ECLI:NL:RBMNE:2018:5806
Rechtbank Midden-Nederland
- Eerste aanleg - meervoudig
- mr. drs. S. Wijna
- mr. K. de Meulder
- mr. G.C.W. van der Feltz
- Rechtspraak.nl
Intrekking van lasten onder dwangsom en niet-ontvankelijkheid beroep wegens ontbreken procesbelang
In deze zaak heeft de Rechtbank Midden-Nederland op 22 november 2018 uitspraak gedaan in een bestuursrechtelijke procedure. Eiseres, een B.V. gevestigd in Utrecht, had beroep ingesteld tegen besluiten van het college van gedeputeerde staten van de provincie Utrecht, waarbij lasten onder dwangsom waren opgelegd. Tijdens de beroepsprocedure heeft verweerder erkend dat hij niet het bevoegd gezag was en heeft hij de lasten onder dwangsom ingetrokken. Hierdoor kwam de onrechtmatigheid van het primaire besluit en het bestreden besluit vast te staan. De rechtbank oordeelde dat de door eiseres gestelde schade geen procesbelang opleverde, waardoor het beroep niet-ontvankelijk werd verklaard.

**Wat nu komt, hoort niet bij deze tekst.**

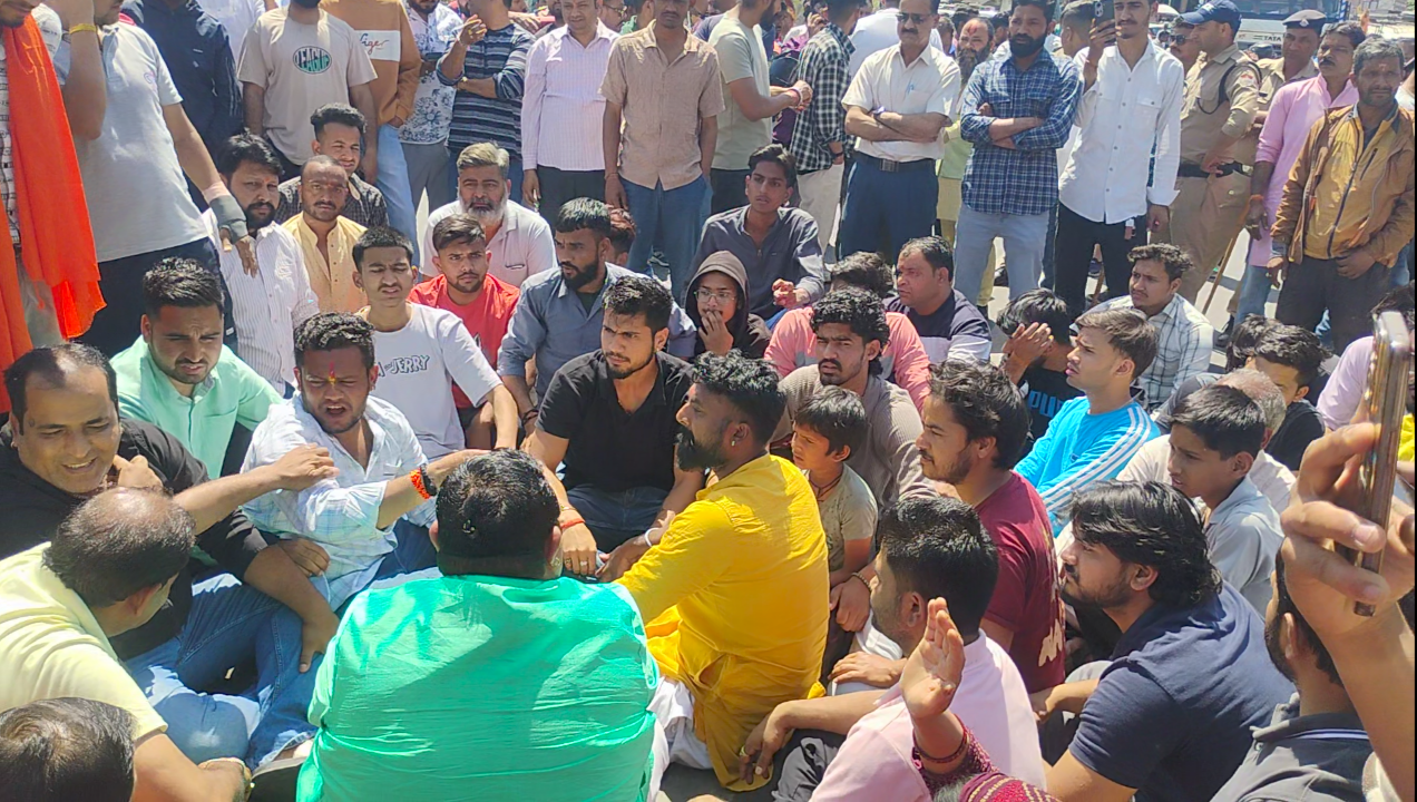 परन्तु प्रशासन को इस शिकायत में कोई रुचि ना देखते हुए सभी लोगों ने एकत्रित होकर रायपुर चौक पर जाम लगाया और कई घंटे प्रदर्शन किया। प्रदर्शनकारियों ने नवरात्रों में दूसरे समुदाय के इस रवैया का विरोध किया और मीट की सभी दुकान नवरात्रियों में बंद करने के लिए नारे लगाए। प्रशासन को जाम की सूचना मिलते ही सी ओ सिटी, पुलिस के सिपाहियों सहित मौके पर पहुंची और मामले का जायजा लिया।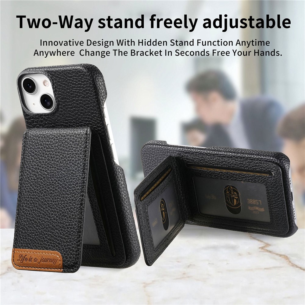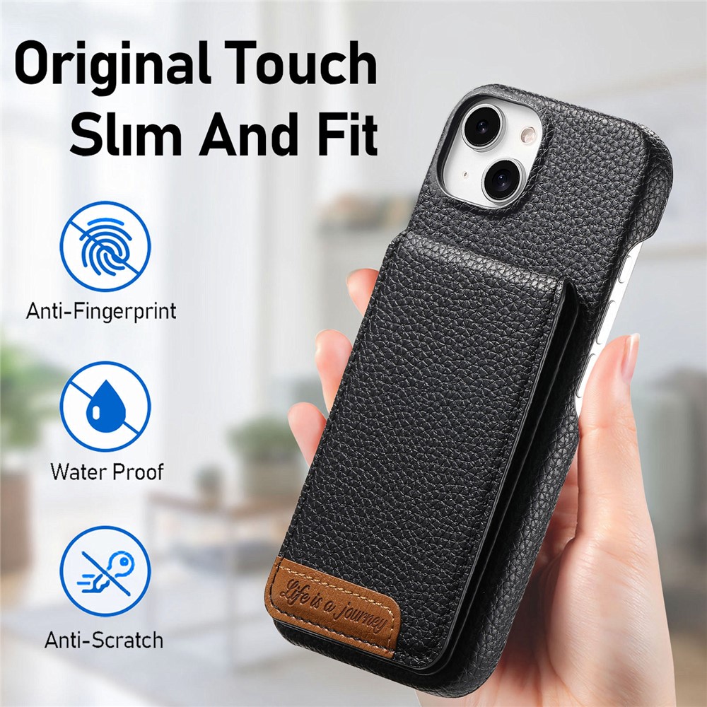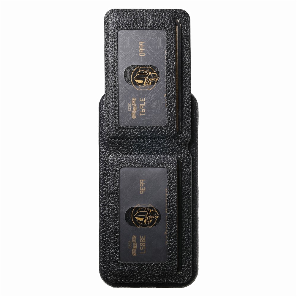 - Hidden Card Slots Features two concealed vertical flip compartments with card windows, ideal for storing ID and credit cards securely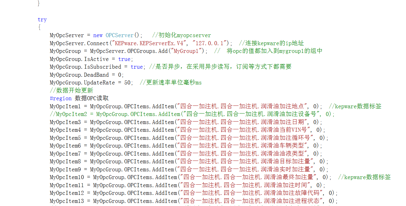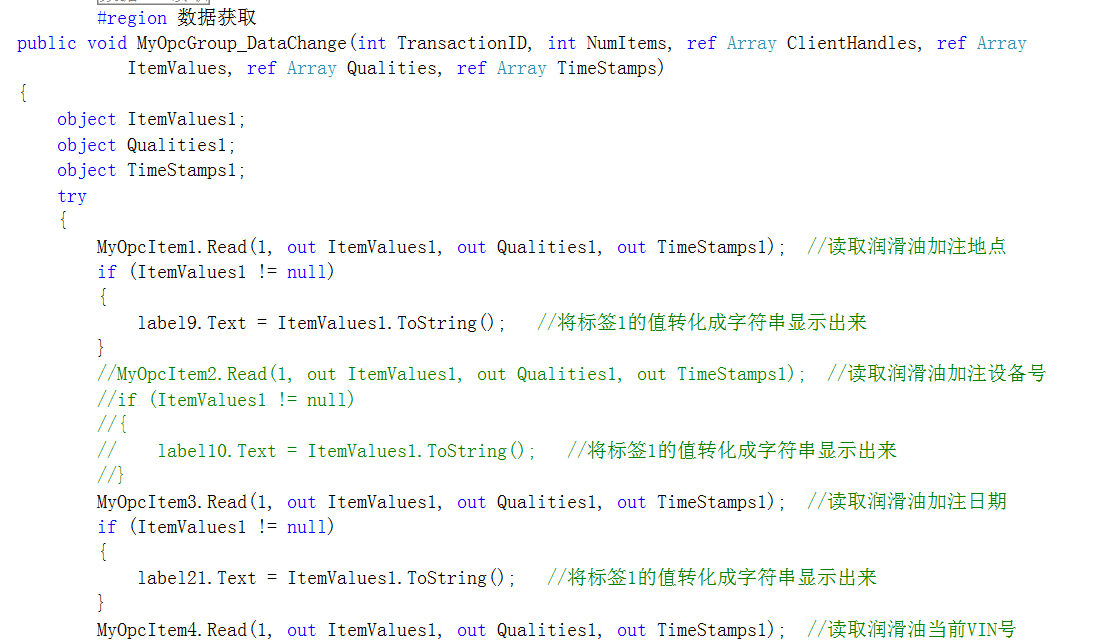OPC数据访问方式采用订阅式数据访问方式,即程序采集到数据存在变更的事件时进行数据的读取,采用这种方式可以减轻服务器的运行压力,也可保证数据的实时采集,见图片4,程序监控"MyOpcGroup_DataChange"事件,一旦发生在kepware中便签数据的变化,程序即可将当前数据传递给界面的便签显示,最终实现界面数据的实时传输显示。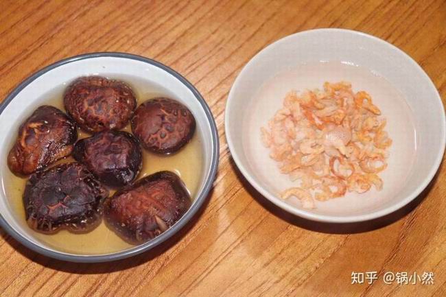 ①.温水浸泡干香菇和虾米.20.分钟以上,不管它。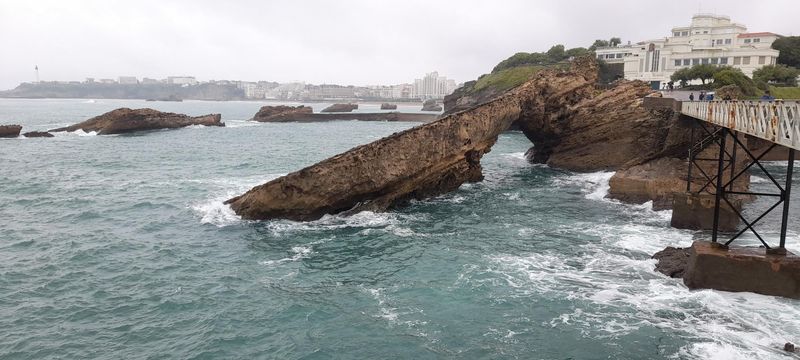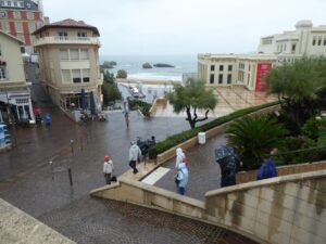 Le lendemain le départ est annoncé pour 8h30. Nous faisons la connaissance de notre guide, Isabelle. Visite très intéressante de Bayonne puis de Biarritz où nous déjeunons. La pluie nous tombe dessus dès la sortie du restaurant. Cela n’entame pas la volonté du groupe et nous entamons la découverte de Biarritz le long du bord de mer où s’activent des surfeurs. Bien trempés nous aussi mais d’une autre manière, nous regagnons le club de vacances après une halte à Arcangues où se trouve une très belle église visitée par certains courageux et le cimetière où repose Luis Mariano.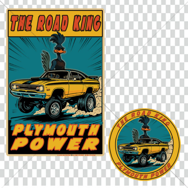 Laissez parler les moteurs et le groove avec ce design explosif !“The Road King – inspire de la 1970 plymouth road runner creer par johnny lightning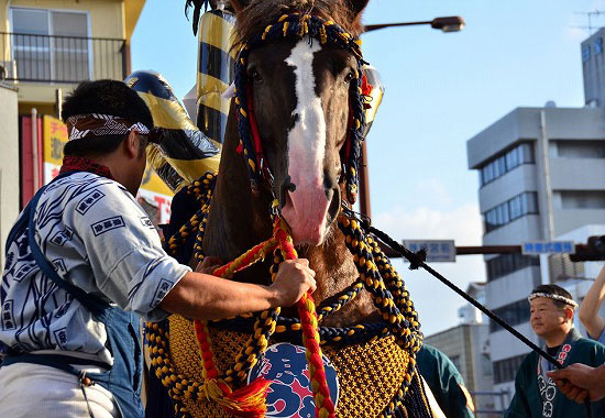 一千年以上の歴史をもち、昔より肥後国随一の大祭と称され、「放生会(ほうじょうえ)」「随兵(ずいびょう)」などと呼ばれ親しまれています。宮遷式で幕を開け様々な奉納行事が行われた後、祭りのハイライト神幸式を迎えます。早朝から神幸行列が始まり、御神輿を先頭に、鎧兜の随兵、甲冑武者、町鉾、獅子舞が続き、壮観な一大絵巻を展開します。その後飾馬と馬追いの勢子が続き、肥後っ子の心意気で威勢良くクライマックスに達します。

De rechtbank heeft het procesverloop in detail beschreven, inclusief de heropening van het onderzoek en de intrekking van de besluiten door verweerder. Eiseres had gereageerd op het intrekkingsbesluit, maar geen van de partijen heeft gebruik gemaakt van het recht op een nadere zitting. De rechtbank concludeerde dat het intrekkingsbesluit van verweerder van 12 juni 2018 een intrekkingsbesluit in de zin van de Algemene wet bestuursrecht was, en dat eiseres geen belang meer had bij een inhoudelijk oordeel over het bestreden besluit.
De rechtbank heeft verweerder wel veroordeeld tot vergoeding van het door eiseres betaalde griffierecht en de proceskosten, omdat verweerder pas tijdens de beroepsprocedure het intrekkingsbesluit had genomen. De totale proceskosten werden vastgesteld op € 2.004,-. De uitspraak is openbaar uitgesproken en partijen zijn op de hoogte gesteld van hun rechtsmiddelen.